Wright was killed on 27 December 1997 inside the Maze Prison, where he was imprisoned for having made threats, once more against a woman. Three members of the Irish National Liberation Army (INLA) shot Wright dead inside a prison van in the forecourt outside H Block 6 as it was transporting him and fellow LVF prisoner Norman Green to the visitors' complex. Five months after Wright's assassination, Robin Jackson died of lung cancer at his home in the village of Donaghcloney, near Lurgan.

==Subsequent activity==
Whilst the entire Portadown UVF defected to the LVF, other important Mid-Ulster Brigade units based in Lurgan, Donaghcloney, Richill and Banbridge instead swore loyalty to the Belfast leadership. A balaclava-wearing Mid-Ulster Brigade member appeared at a rally on Belfast's Shankill Road on 2 September 1996 to read out a statement in which the remnants of the Mid-Ulster Brigade described the Wright-LVF issue as being "about internal discipline within the UVF" and denounced Wright for breaking the UVF's code. The feud re-ignited in 2000 and 2001 when the Mid-Ulster Brigade effectively eliminated the LVF. It was during this feud that brigadier Richard Jameson, leader of the Mid-Ulster Brigade, was shot dead by the LVF outside his home near Portadown on 10 January 2000. A month later, members of the Mid-Ulster Brigade beat and stabbed Protestant teenagers, Andrew Robb and David McIlwaine to death on a country road outside Tandragee, County Armagh after one of them had made disparaging comments about Jameson's killing earlier on at a drinking party. Neither of the boys was a member of the LVF or any other loyalist paramilitary organisation.
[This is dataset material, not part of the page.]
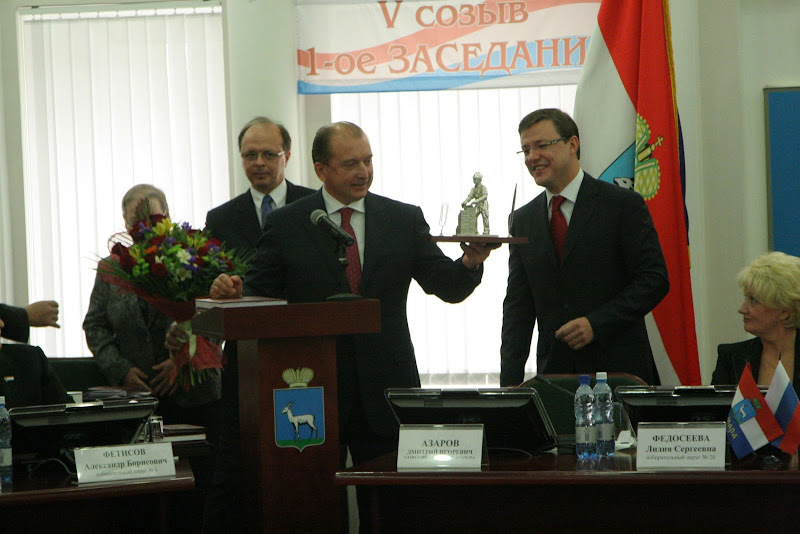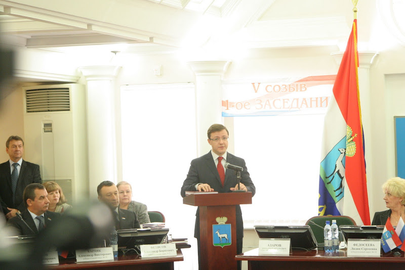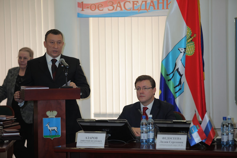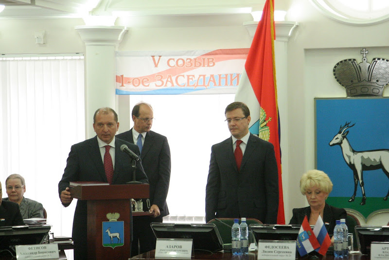 Сегодня в Самарской городской Думе при небывалом стечении VIP-политиков и чиновников Дмитрий Азаров принес присягу и официально стал мэром Самары. Похоже, что для губернатора Артякова это был первый визит в городскую Думу.
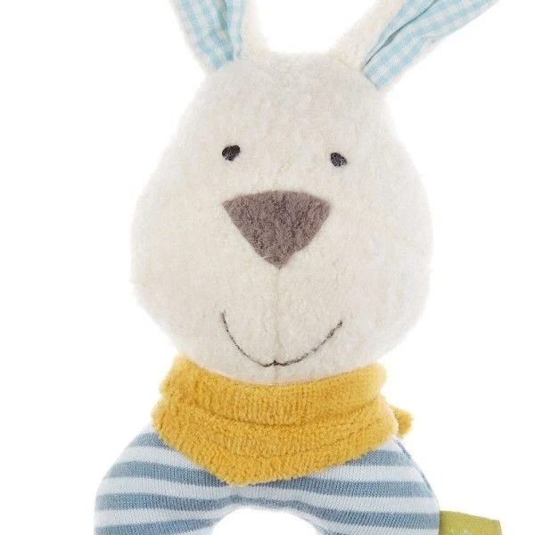 Pour les bébés bio & écolo, et dès la naissance, Eveil, confort & réconfort en compagnie de ce joli Hochet Anneau de dentition Bio Sigikid® Lapin Bleu Green 14 cm. Un joli hochet de tissu en forme de lapin sympathique pour tenir compagnie à bébé. Combinant hochet tintinnabulant et anneau de dentition en bois de hêtre, ce petit hochet lapin avec ses petits yeux curieux, ses grandes oreilles et son corps en forme d’anneau… ses oreilles pour mieux le tenir et le mâchouiller tendrement, ne quittera plus bébé. Protecteur de la nature et défenseur du développement durable, bébé le revendique avec ce joli doudou lapin, amusant, protecteur, Chic & écolo. Les boucles de velours de coton bio à la texture douce de notre doudou offrent des sensations tactiles et visuelles inoubliables. En compagnie de ce doudou bio en coton, rempli de Laine naturelle et de coton, bébé est prêt à affronter le monde, en douceur, en couleur et en sécurité: Le doudou est en coton, un Coton Bio issu de l’agriculture Biologique (Kba : Agriculture Biologique Contrôlée)et rembourré en laine.

The brigade was a centre of opposition to leadership plans to decommission weapons in 2007, leading to sixty members being stood down by the Belfast leadership. Subsequently, a group in the area calling itself the "Real UVF" issued a series of threats against Sinn Féin members in 2008 and against dissident republicans in 2010. What connection, if any, exists between the Mid-Ulster Brigade and the Real UVF is not known.

The Mid-Ulster UVF was blamed for a series of attacks and disturbances in Portadown during the Orange Order's "marching season" in July 2011.